Não! Os “Millennials” NÃO optam por casas mais pequenas!

 

Nuno Novo Ramos

Bisturi Cronista 


Queria falar de assuntos mais sérios, dos (curiosos) números do desemprego, da crise da Venezuela, ou até da tensão entre a Coreia do Norte e os Estados Unidos.

Contudo, já há algum tempo que quero escrever sobre esta minha (nossa) geração: Os “Millennials”!

Coincidência ou não, esta semana, li um artigo no Jornal Expresso, cujo título era, “Millennials optam por casas mais pequenas”. Engraçado. Que geração magnífica é a minha, a geração que vai dos 18 aos 33 (aproximadamente), que somos apelidados de “extremamente sociais” e de “desprendidos em relação à propriedade e aos bens materiais” mas que ao mesmo tempo, é constantemente acusada de sermos difíceis de controlar, narcisistas, preguiçosos, confusos, indisciplinados, impacientes, viciados na tecnologia, e todo um role de adjectivos que não são propriamente os melhores. Que estamos habituados a colocar um filtro nas situações da vida, como se de uma fotografia de “Instagram” se tratasse!

Não me cabe a mim julgar uma geração, muito menos a minha, e se aceito que alguns desses adjectivos encaixam de facto nesta fatia geracional, não posso aceitar outras coisas!

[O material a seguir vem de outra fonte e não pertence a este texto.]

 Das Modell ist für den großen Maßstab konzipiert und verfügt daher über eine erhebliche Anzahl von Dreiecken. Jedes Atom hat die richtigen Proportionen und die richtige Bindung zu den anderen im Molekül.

Os “Millennials” não optam por casas pequenas, meus caros. Não! É errado assumir isso! Nós somos a geração com maior nível de educação e formação (escolar diga-se) de sempre. Acham que estamos a estudar até aos 30, para morar dentro de um T1 na amadora (sem desprimor), com rendas de T4 no Saldanha?

No artigo em questão, e cito, vem a seguinte frase, “São criativos, empreendedores e cidadãos do mundo, encarando com facilidade a hipótese de trabalhar em qualquer parte do mundo, assim tenham uma oportunidade que satisfaça a suas expectativas. São também mais racionais nas decisões de compra.”

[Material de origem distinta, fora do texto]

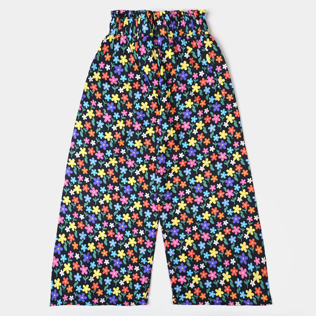 Girls Cotton Viscose Pant Colorful Floral-BLACK
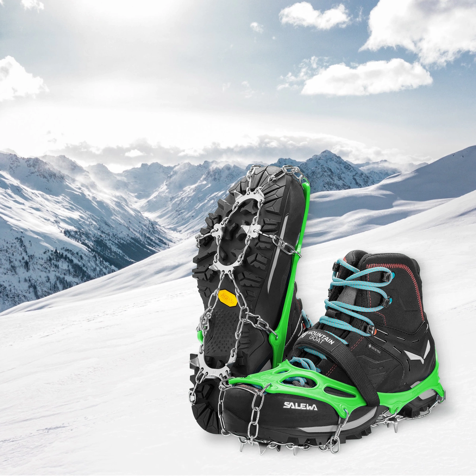 Aktív téli nyaralást tervez a hegyekben? Szeret télen a szabadban lenni? Ügyeljen arra, hogy vigyázzon a biztonságára! Az erdei séták vagy a havas hegyi ösvények során könnyen elveszítheti az egyensúlyát. Könnyen csökkentheted az esés és a sérülés kockázatát. Válaszd a MOUNTAIN GOAT prémium túra- és téli bakancsos kramponokat.
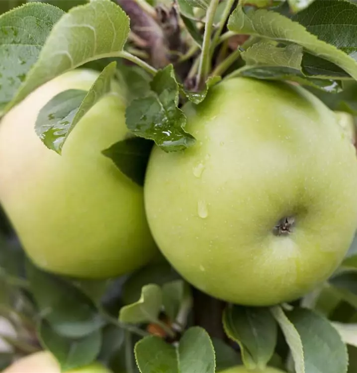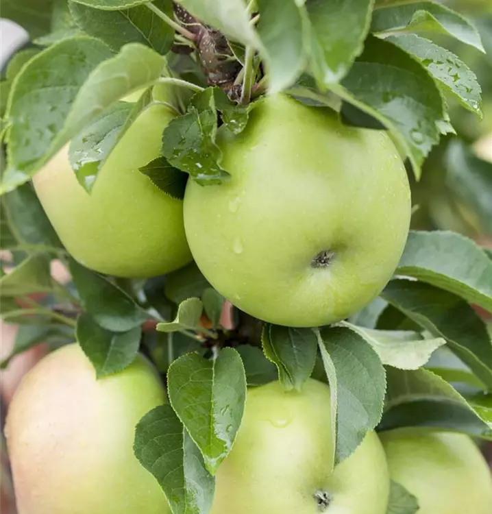 Wuchs stark, kompakt, säulenförmig, Frucht gross, kugelförmig, Schale glatt ohne Berostung, grüngelb, knackig, sehr saftig, spritzig.

Pudera! O que seria se não tivéssemos de encarar a possibilidade de trabalhar em qualquer lado, quando no mercado de trabalho somos todos descartáveis?! Se grande fatia desta geração salta de estágio em estágio, sem contrato de trabalho, queriam que fossemos impulsivos? Não! Não nos podemos dar a “esse luxo”.

Acham que não queremos comprar casa? Ter algo nosso! Queremos, mas não nos é permitido! Não temos rendimentos, nem condições para isso!

Sim, somos uma geração evoluída, mas as nossas pretensões são iguais a todas as outras gerações anteriores. Nós também queremos casa, carros, casar, ter filhos, férias fora. Mas ao contrário das gerações anteriores, o mercado de trabalho, os baixos salários, a precariedade, e todas as outras dificuldades inerentes aos “trintas” não o permitem.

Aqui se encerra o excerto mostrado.